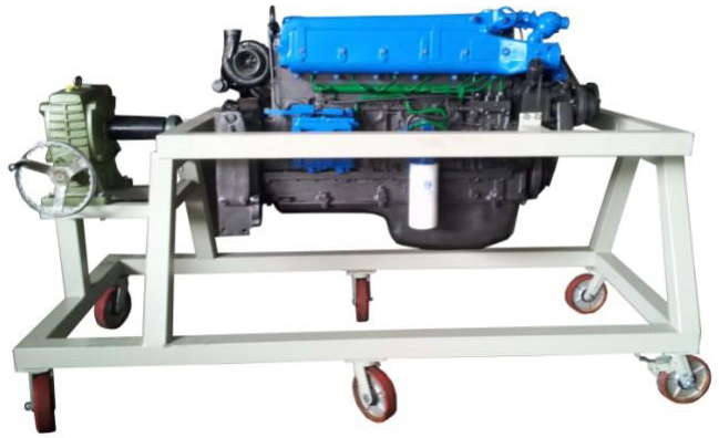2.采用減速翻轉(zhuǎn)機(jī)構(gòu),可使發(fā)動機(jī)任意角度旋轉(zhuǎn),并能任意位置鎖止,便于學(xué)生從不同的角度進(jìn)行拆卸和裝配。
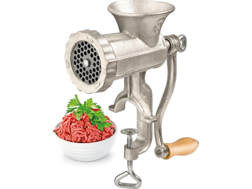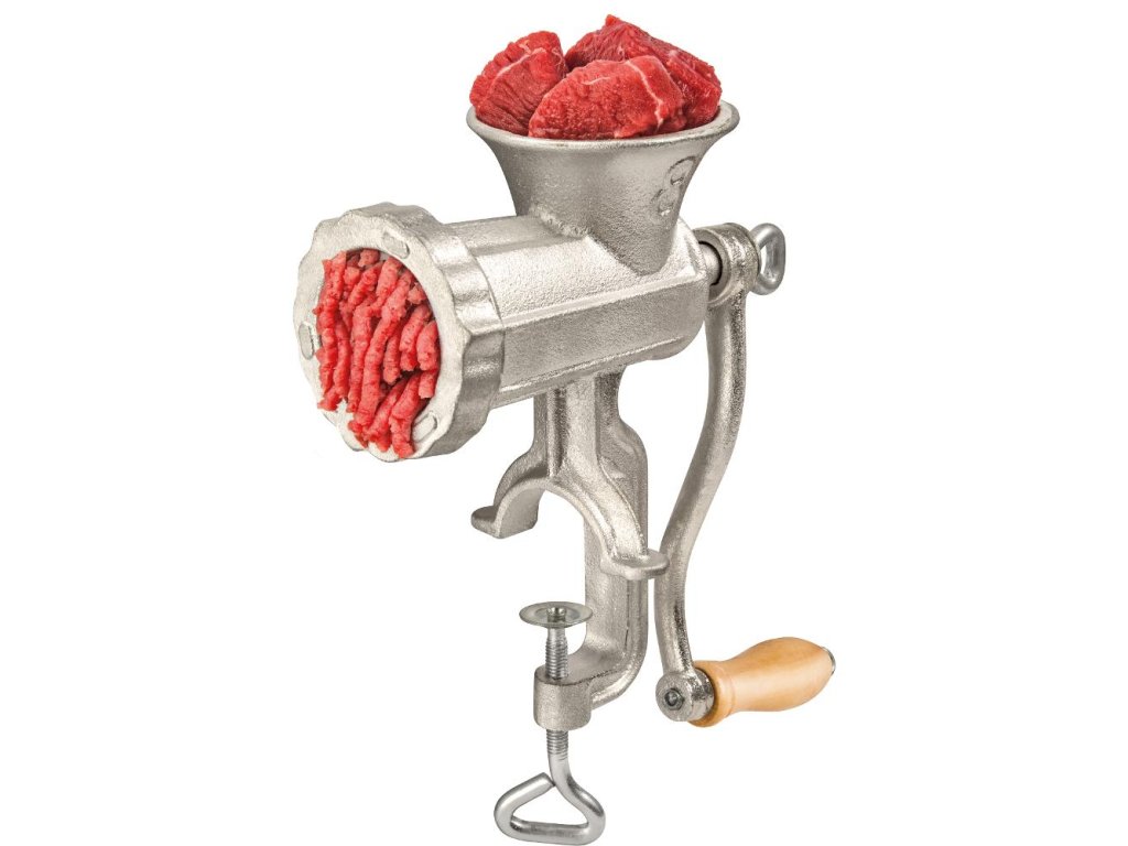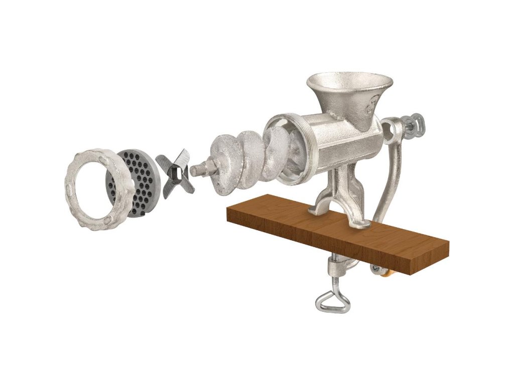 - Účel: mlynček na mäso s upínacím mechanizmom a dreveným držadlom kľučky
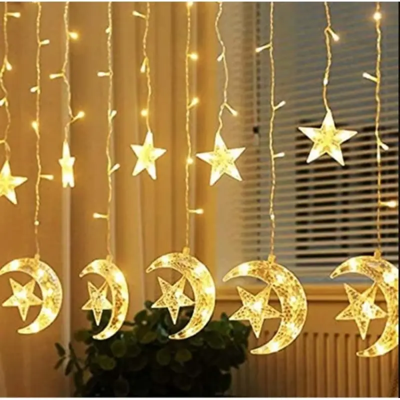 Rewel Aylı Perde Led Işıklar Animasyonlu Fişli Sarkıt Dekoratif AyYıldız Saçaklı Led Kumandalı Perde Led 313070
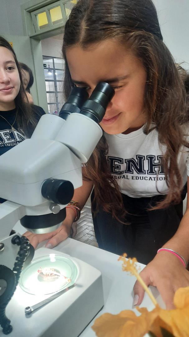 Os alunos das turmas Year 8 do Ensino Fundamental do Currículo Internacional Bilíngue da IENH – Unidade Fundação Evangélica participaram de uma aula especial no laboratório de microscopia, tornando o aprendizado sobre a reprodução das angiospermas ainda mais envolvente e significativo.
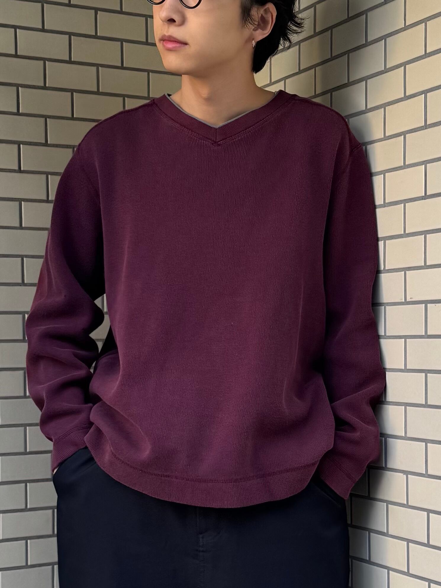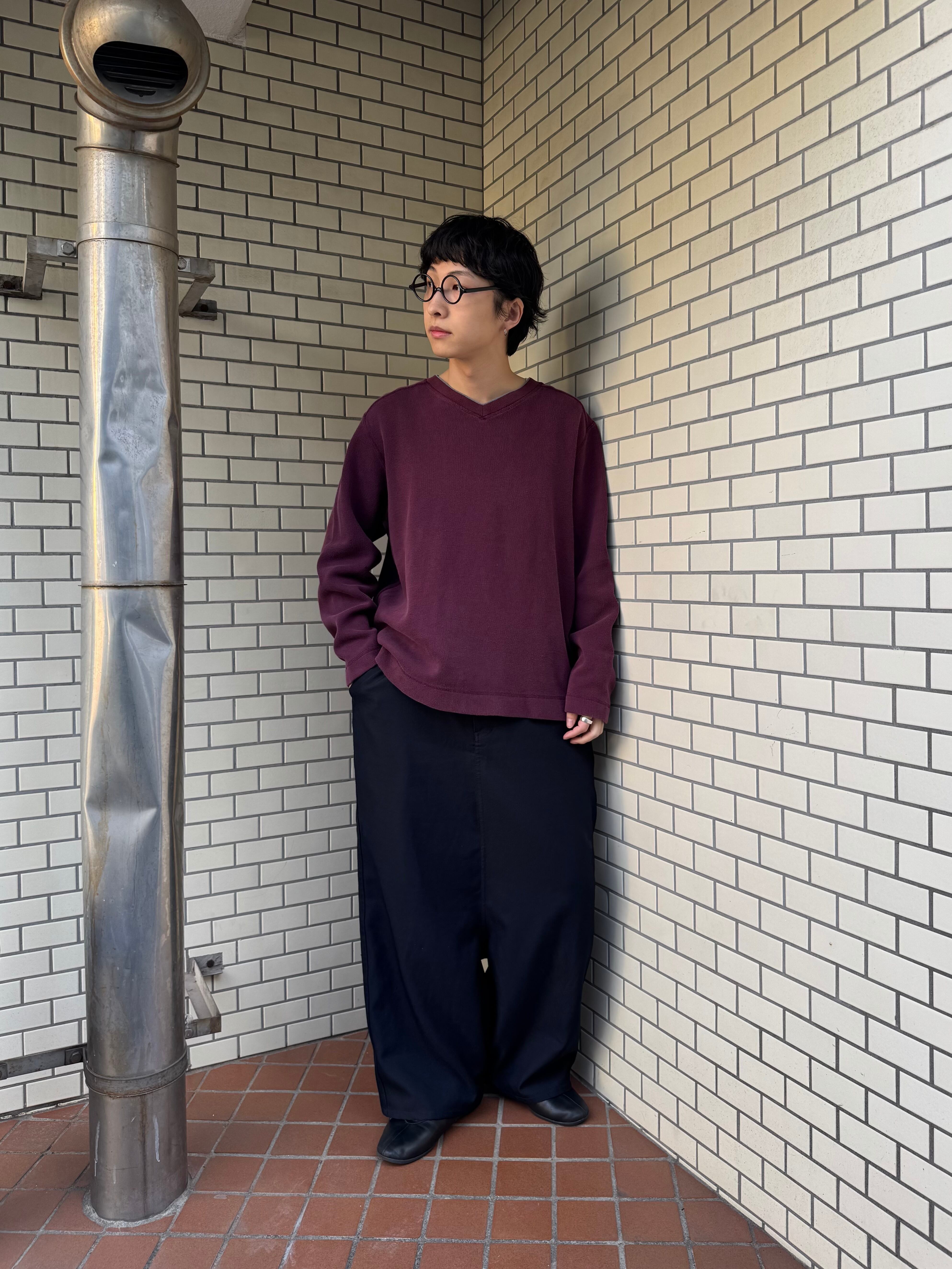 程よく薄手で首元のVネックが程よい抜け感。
• • • •
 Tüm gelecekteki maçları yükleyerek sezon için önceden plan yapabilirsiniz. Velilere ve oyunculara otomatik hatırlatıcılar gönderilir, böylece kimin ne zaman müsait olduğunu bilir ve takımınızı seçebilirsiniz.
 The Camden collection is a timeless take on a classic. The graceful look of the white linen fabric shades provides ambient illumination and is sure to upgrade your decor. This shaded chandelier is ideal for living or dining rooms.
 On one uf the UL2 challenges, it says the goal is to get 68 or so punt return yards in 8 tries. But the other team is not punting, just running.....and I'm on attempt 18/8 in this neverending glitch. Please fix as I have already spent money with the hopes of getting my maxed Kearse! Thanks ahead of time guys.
• • • •
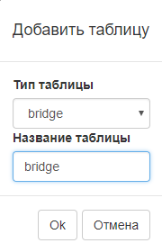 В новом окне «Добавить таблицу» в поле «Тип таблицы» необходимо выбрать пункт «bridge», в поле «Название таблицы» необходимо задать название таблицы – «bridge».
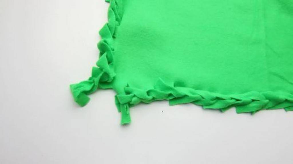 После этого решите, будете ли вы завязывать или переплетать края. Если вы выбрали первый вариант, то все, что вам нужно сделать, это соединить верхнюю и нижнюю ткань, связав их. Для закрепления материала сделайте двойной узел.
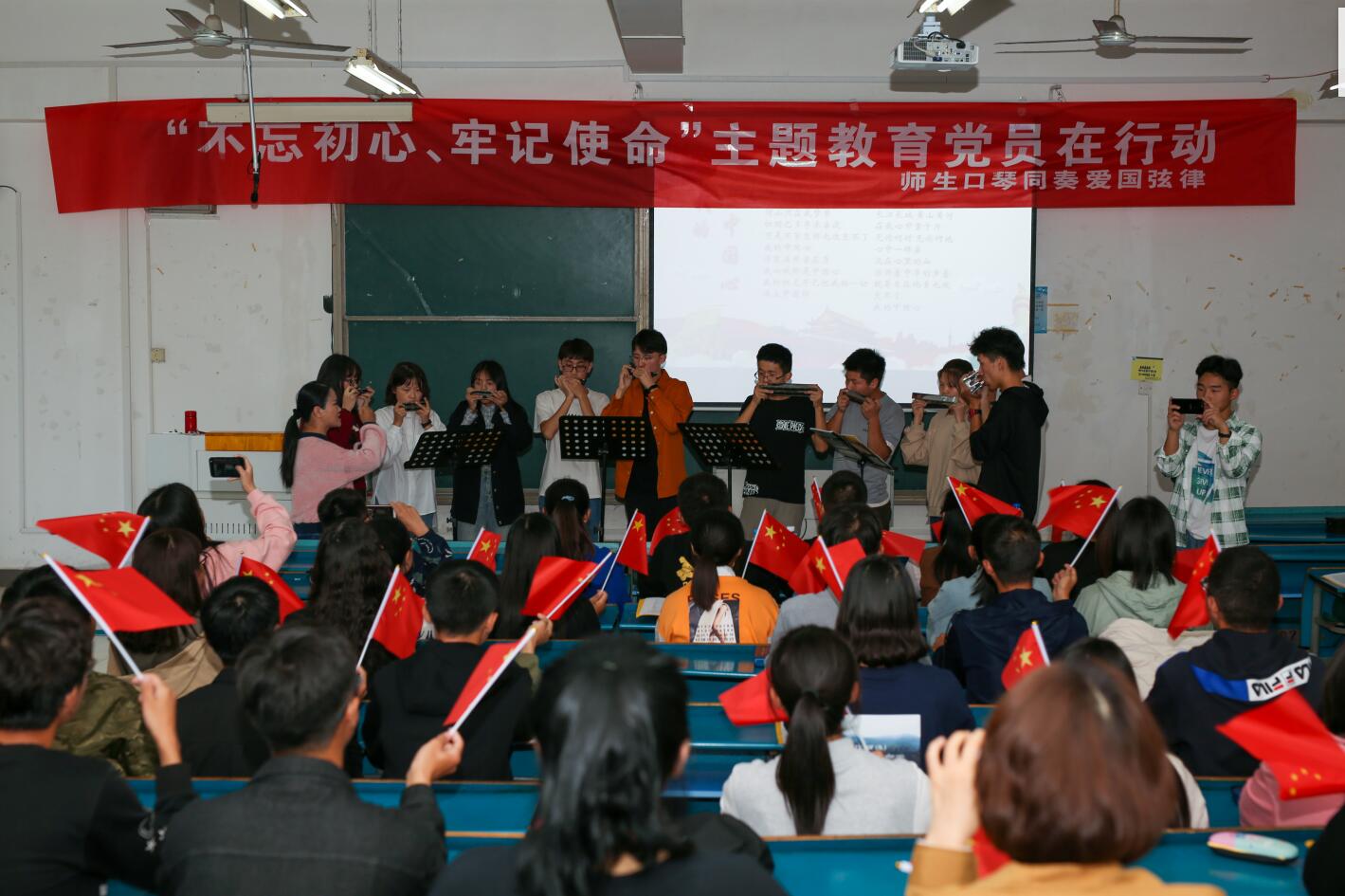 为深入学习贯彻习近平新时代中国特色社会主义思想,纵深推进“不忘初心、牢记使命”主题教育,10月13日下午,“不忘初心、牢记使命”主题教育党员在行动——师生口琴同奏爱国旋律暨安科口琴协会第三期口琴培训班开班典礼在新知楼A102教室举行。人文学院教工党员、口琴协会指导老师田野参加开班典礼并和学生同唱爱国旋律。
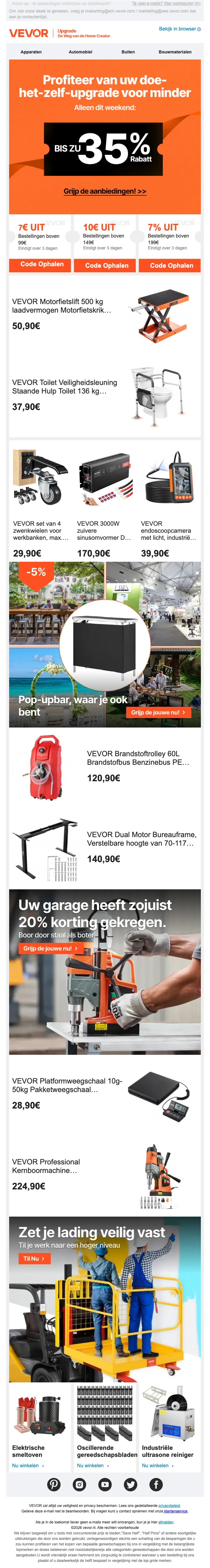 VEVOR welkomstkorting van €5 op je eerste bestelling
• • • •
• **Exercise aim**
Leaving out each picture, repeat exactly the lines above from the one that contains "- Účel: mlynček" through the one that contains "程よく薄手で首元のVネックが程よい抜け感。".

• **Task answer**
 - Účel: mlynček na mäso s upínacím mechanizmom a dreveným držadlom kľučky
 Rewel Aylı Perde Led Işıklar Animasyonlu Fişli Sarkıt Dekoratif AyYıldız Saçaklı Led Kumandalı Perde Led 313070
 Os alunos das turmas Year 8 do Ensino Fundamental do Currículo Internacional Bilíngue da IENH – Unidade Fundação Evangélica participaram de uma aula especial no laboratório de microscopia, tornando o aprendizado sobre a reprodução das angiospermas ainda mais envolvente e significativo.
 程よく薄手で首元のVネックが程よい抜け感。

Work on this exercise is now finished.